Administrative Detention of Food
Before the Bioterrorism Act, the FDA had limited authority to hold food it suspected was unsafe. The Act gave the agency the power to administratively detain any food product found during an inspection, examination, or investigation if an FDA officer has reason to believe the food is adulterated or misbranded. This means the FDA can prevent a suspicious product from moving through the supply chain while it investigates, rather than relying solely on voluntary recalls by the company involved.
Drinking Water Security
Title IV of the Act addressed the security of the nation’s drinking water. It amended the Safe Drinking Water Act to require every community water system serving more than 3,300 people to conduct a vulnerability assessment, certify its completion, and submit a written copy to the EPA for secure storage. The assessments were designed to identify weak points in water infrastructure that could be exploited in a deliberate attack.

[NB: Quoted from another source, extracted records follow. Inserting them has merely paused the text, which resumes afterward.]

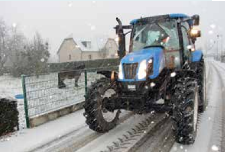
Premiers flocons de neige... Jojo en mode salage
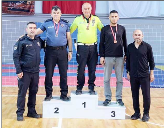
Büyükler kategorisinde dereceye giren sporcular...
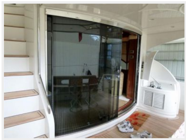
Aft Deck/Salon Entry
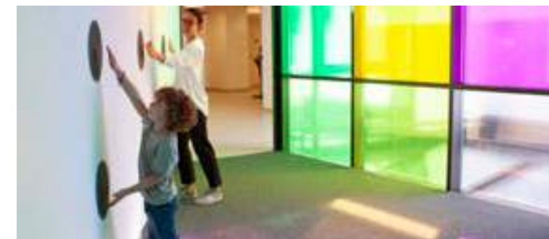
Im Audioversum wird Hören zum Abenteuer

Hör- und Erlebnisweg: www.pro-audio-uri.ch/hoer-und-erlebnisweg/

These original requirements have since been updated. In 2018, America’s Water Infrastructure Act replaced the vulnerability assessment framework with a broader mandate for risk and resilience assessments. Community water systems serving more than 3,300 people now must evaluate risks from both intentional attacks and natural hazards, covering everything from source water and treatment facilities to computer systems, chemical storage, and financial infrastructure. They must also develop emergency response plans.
Regulation of Biological Agents and Toxins
The Act created a federal registration and oversight system for laboratories and other facilities that possess, use, or transfer certain dangerous biological agents and toxins, known as “select agents.” These are pathogens and toxins that could potentially be weaponized, and the law gave the CDC and the USDA’s Animal and Plant Health Inspection Service joint authority to regulate them through the Federal Select Agent Program.
Facilities working with select agents must register with the program and meet requirements for biosafety, physical security, local oversight, reporting, and staff training. Every individual who works with these agents must undergo a security risk assessment performed by the FBI. The program’s goal is to prevent unauthorized access, theft, loss, or release of the most dangerous biological materials.
Penalties for Violations
The Act carries significant penalties. For violations related to the possession, use, or transfer of regulated biological agents, civil fines can reach $250,000 for an individual and $500,000 for an organization. Criminal penalties are steeper: knowingly possessing a select agent without proper registration, or transferring one to an unregistered person, can result in up to 5 years in prison, a fine, or both.
On the food safety side, failing to register a food facility or failing to submit prior notice for imported food can result in the FDA refusing entry of food shipments and taking enforcement action. The administrative detention authority also gives the FDA a practical tool to hold suspect food without needing a court order first, making enforcement faster in urgent situations.